> SUPPLIED INFORMATION:
►
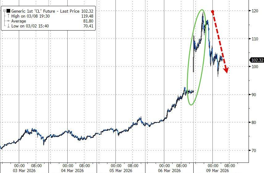 You know conditions are deteriorating very quickly when the Financial Times reports that G-7 finance ministers are set to hold an 8:30 a.m. New York time call to discuss a possible coordinated release of strategic oil reserves to combat runaway crude prices, as Brent crude hit $119/bbl overnight. Such a move to dump SPR on global markets shows just how afraid policymakers are that the oil shock could crush consumer sentiment and, in turn, hit economic growth.
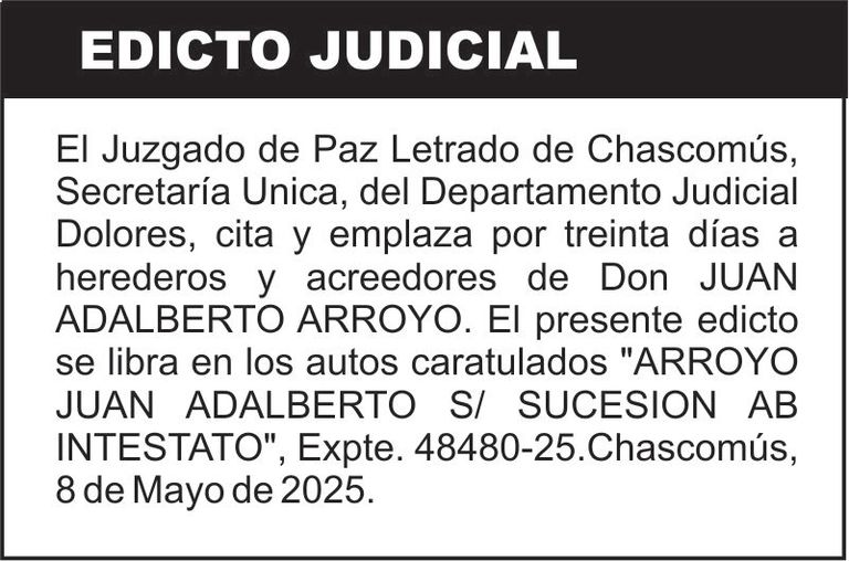 El Juzgado de Paz Letrado de Chascomús, Secretaría Unica, del Departamento Judicial Dolores, cita y emplaza por treinta días a herederos y acreedores de Don JUAN ADALBERTO ARROYO. El presente edicto se libra en los autos caratulados “ARROYO JUAN ADALBERTO S/ SUCESION AB INTESTATO”, Expte. 48480-25.
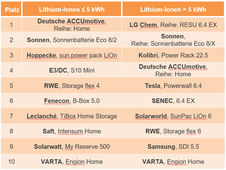 Sowohl für Anbieter als auch Verbraucher wird es bei einem wachsenden Angebot schwieriger, den Überblick zu behalten. Abhilfe schaffen Produkttests mit anschließender Bewertung. Die Juli-Ausgabe von Energiemarkt Aktuell gibt bspw. die wichtigsten Ergebnisse eines Haushaltspeichertests wieder, der 150 Systeme nach den Kriterien „Kosten pro Kilowattstunde“, „Maße und Installation“ und „Herstellerservice“ bewertet.
◄
Drop the images and return the data verbatim.

 You know conditions are deteriorating very quickly when the Financial Times reports that G-7 finance ministers are set to hold an 8:30 a.m. New York time call to discuss a possible coordinated release of strategic oil reserves to combat runaway crude prices, as Brent crude hit $119/bbl overnight. Such a move to dump SPR on global markets shows just how afraid policymakers are that the oil shock could crush consumer sentiment and, in turn, hit economic growth.
 El Juzgado de Paz Letrado de Chascomús, Secretaría Unica, del Departamento Judicial Dolores, cita y emplaza por treinta días a herederos y acreedores de Don JUAN ADALBERTO ARROYO. El presente edicto se libra en los autos caratulados “ARROYO JUAN ADALBERTO S/ SUCESION AB INTESTATO”, Expte. 48480-25.
 Sowohl für Anbieter als auch Verbraucher wird es bei einem wachsenden Angebot schwieriger, den Überblick zu behalten. Abhilfe schaffen Produkttests mit anschließender Bewertung. Die Juli-Ausgabe von Energiemarkt Aktuell gibt bspw. die wichtigsten Ergebnisse eines Haushaltspeichertests wieder, der 150 Systeme nach den Kriterien „Kosten pro Kilowattstunde“, „Maße und Installation“ und „Herstellerservice“ bewertet.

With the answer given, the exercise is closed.